§ Action item: Pictures excluded, please retype exactly the lines from the start of the data through the line that contains "尉氏县人民路新村北路西北街坊位于尉氏县城", both ends kept, and nothing beyond them.

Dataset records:

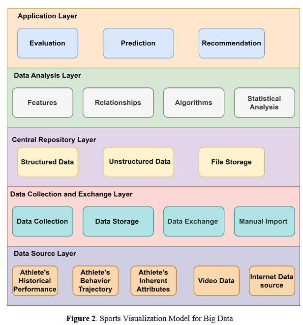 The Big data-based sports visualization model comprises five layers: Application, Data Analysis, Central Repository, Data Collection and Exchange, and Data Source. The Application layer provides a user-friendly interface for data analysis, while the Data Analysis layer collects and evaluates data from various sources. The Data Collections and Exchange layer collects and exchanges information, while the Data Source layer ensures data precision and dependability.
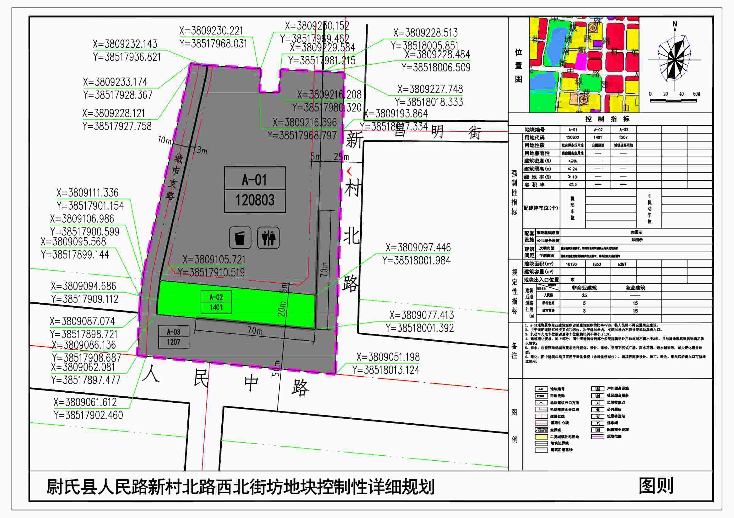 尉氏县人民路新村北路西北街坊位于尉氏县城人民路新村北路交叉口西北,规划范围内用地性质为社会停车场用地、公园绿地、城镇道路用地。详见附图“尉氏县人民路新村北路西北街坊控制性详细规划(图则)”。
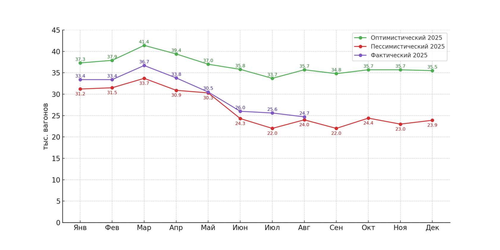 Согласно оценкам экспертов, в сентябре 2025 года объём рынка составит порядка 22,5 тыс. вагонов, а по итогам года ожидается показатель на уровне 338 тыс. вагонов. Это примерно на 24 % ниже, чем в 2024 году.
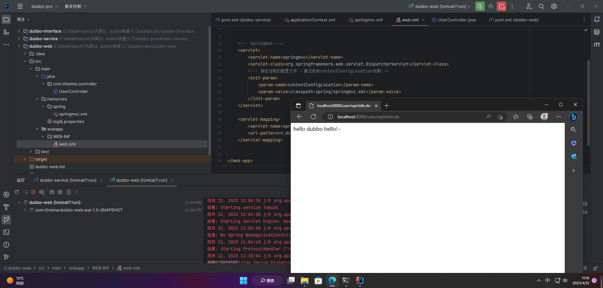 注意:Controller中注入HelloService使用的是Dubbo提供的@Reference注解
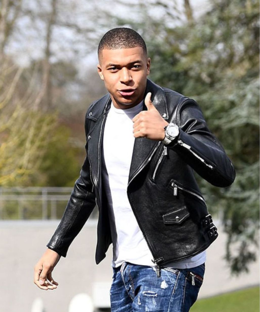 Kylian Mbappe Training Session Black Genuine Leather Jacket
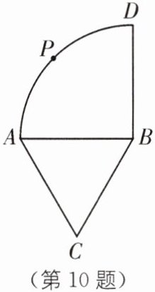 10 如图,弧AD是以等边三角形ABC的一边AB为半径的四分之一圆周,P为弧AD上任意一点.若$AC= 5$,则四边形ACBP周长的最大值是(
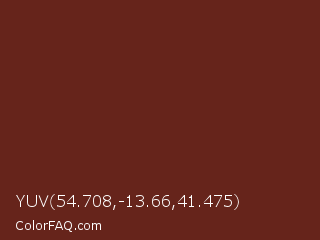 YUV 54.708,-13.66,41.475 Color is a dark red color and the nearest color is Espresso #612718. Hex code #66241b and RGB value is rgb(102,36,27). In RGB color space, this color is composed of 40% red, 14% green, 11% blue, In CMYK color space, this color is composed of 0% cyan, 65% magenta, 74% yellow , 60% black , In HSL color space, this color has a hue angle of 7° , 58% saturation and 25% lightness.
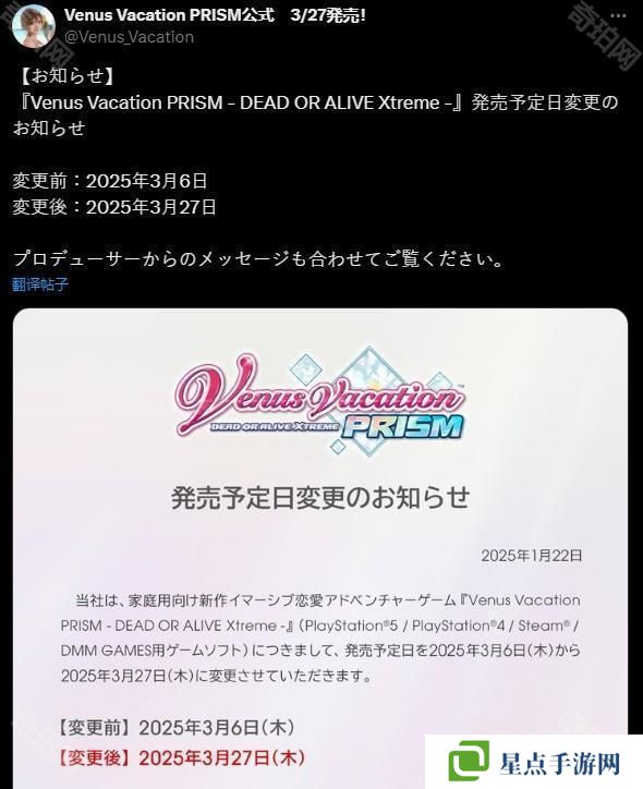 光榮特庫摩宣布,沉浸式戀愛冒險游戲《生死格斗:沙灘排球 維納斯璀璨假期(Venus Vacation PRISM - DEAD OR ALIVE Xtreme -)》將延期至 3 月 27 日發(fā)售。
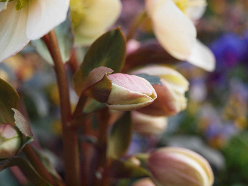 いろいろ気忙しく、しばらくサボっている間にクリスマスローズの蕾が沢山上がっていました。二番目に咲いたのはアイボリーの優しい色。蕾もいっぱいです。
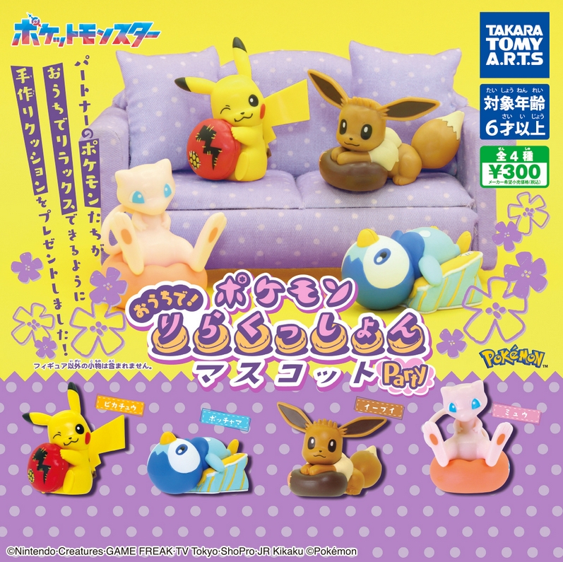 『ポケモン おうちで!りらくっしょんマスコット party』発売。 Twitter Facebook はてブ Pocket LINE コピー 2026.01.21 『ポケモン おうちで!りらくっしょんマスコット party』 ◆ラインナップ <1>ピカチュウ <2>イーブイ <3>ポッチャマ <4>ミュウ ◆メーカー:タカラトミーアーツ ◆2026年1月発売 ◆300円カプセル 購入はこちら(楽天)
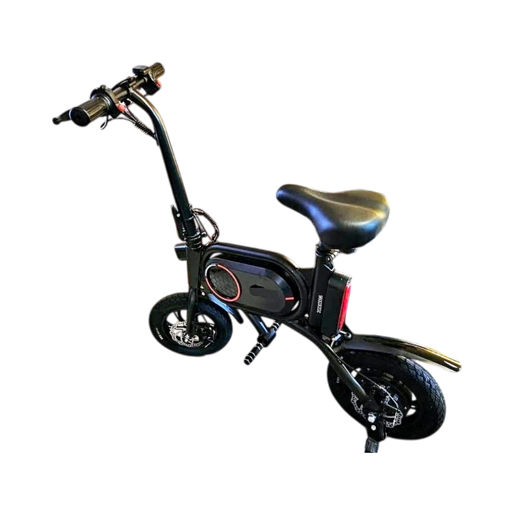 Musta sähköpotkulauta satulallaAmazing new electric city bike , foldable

§ Exercise response:
 The Big data-based sports visualization model comprises five layers: Application, Data Analysis, Central Repository, Data Collection and Exchange, and Data Source. The Application layer provides a user-friendly interface for data analysis, while the Data Analysis layer collects and evaluates data from various sources. The Data Collections and Exchange layer collects and exchanges information, while the Data Source layer ensures data precision and dependability.
 尉氏县人民路新村北路西北街坊位于尉氏县城人民路新村北路交叉口西北,规划范围内用地性质为社会停车场用地、公园绿地、城镇道路用地。详见附图“尉氏县人民路新村北路西北街坊控制性详细规划(图则)”。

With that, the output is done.